The Ethics of Divination: Choosing Your Seer

By Dianne Hardwick

Professionals have their regulatory bodies and codes of practice, but
individuals involved in mystical work are often self taught. This can
leave them feeling they are in something of a black hole when it comes
to dealing with the public appropriately. From the point of view of
the client, it makes it difficult to know who to choose for a reading.

Ethical principles should guide all practitioners of the divinatory
arts, whatever their field. Talking with a group of astrologers
confirmed for me that the same types of problems face all "readers"
whose clients have come seeking advice: dealing with difficult
questions; the possibility of tragic events; what to do when people
have depression or issues they cannot handle alone, and especially,
avoiding dependency and the pressure it places on the practitioner.

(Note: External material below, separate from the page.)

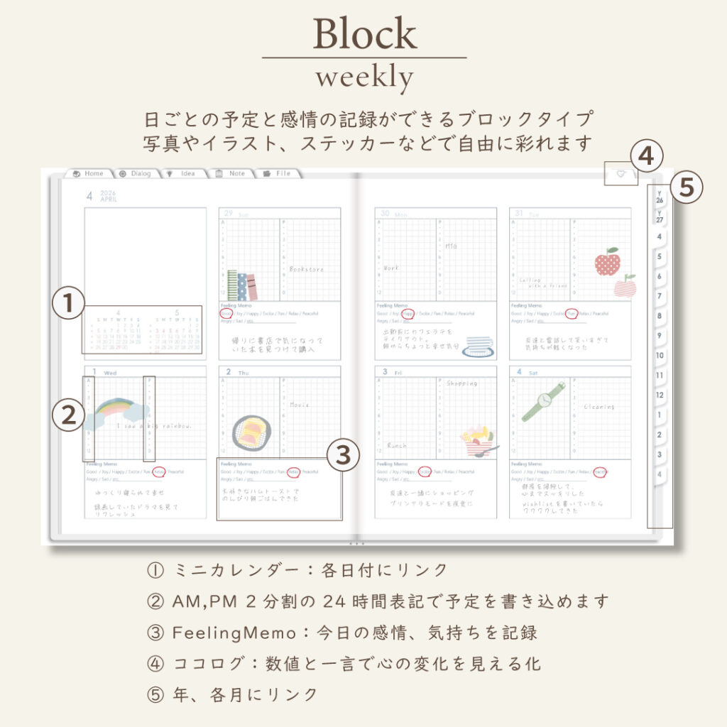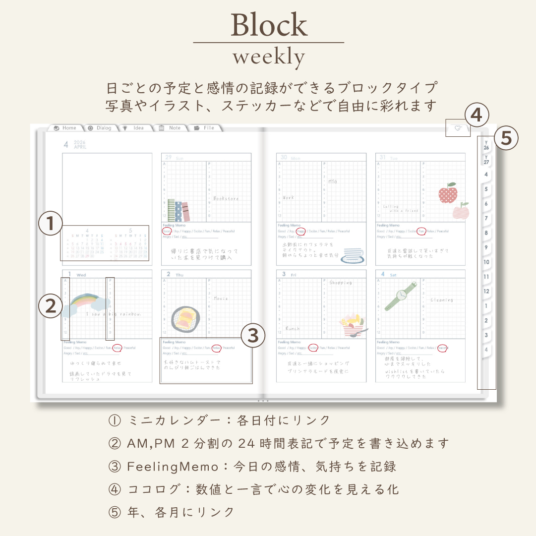 - 年・月ページは「ブロック」と「リスト」がリバーシブル

It is dependency on the reader that I will discuss here and how
readers and their clients can avoid the problem.

Initially, I would say, be clear about motives. As a practitioner, I
think the best position is to have a set of strong values with regard
to your work that accord with your spiritual perspective. Being a
person who tries to live her life by Buddhist teachings I ask myself,
"What is my motivation in doing this kind of work?" The answer that
initially springs to mind is to help others by giving them the
insights gleaned from a reading, but it is more than that. It is to
empower others to choose for themselves how to deal more effectively
with problems in their lives by giving them information. Encouraging
clients to become dependent on more and more readings is not ethical.

Client dependency usually occurs when people have a simplistic view of
divination. They believe that a reading reveals "Fate" – a future
written in tablets of stone that cannot be avoided. They see
themselves in the role of puppets on a stage where larger forces are
pulling the strings. If they get the "wrong answer" to their queries
then real stress can result and clients can pressure readers to tell
them what they want to hear by asking the same question again and
again, until they get the "right" answer. It's easy to forget how much
the client invests in what a reader says and how careful readers need
to be when faced with someone overwhelmed by life problems.

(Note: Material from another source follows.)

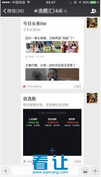 答:在微信里聊天和在微信里看公众号内容,是两件无法同时进行的事。好在,在使用“小程序”的时候,完全不需要担心这一点。 只要点击小程序右上角“…”,再点击“显示在聊天顶部”,“小程序”就会出现在微信聊天页面的很上方。目前看来,置顶时间大约在半小时。

The Tarot cards show potentials, trends and possibilities for a person
at any one time. At no stage does that person lose their free will.
Readers need to show clients how they have choices and need to be
proactive in their lives. "If you follow this path, then X may occur.
If you follow that path then Y is more likely". Does anybody get a new
job or a new romance if they don't make some moves towards their goal?

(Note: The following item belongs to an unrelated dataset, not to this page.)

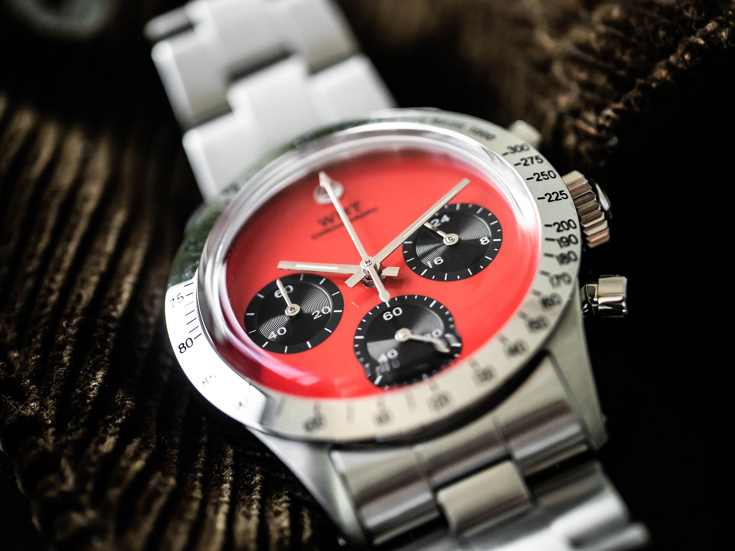 WMTの新たなクォーツクロノグラフGP1から、レッドダイアルの登場です

A good reading should show ways of making desirable changes. If you
are a client looking for a reader who can give you real insight into
your possibilities then you should be looking for someone who has the
insight to explain things in this way.

At no time should you feel you have lost control of your choices. The
purpose of divination is to seek guidance not intimidation. Both
"seers" and clients need to adopt an exploratory frame of mind in a
reading rather than a predictive one and clients should ask, when they
book a reading, "How do you work? Is there only one answer to a
problem or am I free to explore the possibilities open to me?"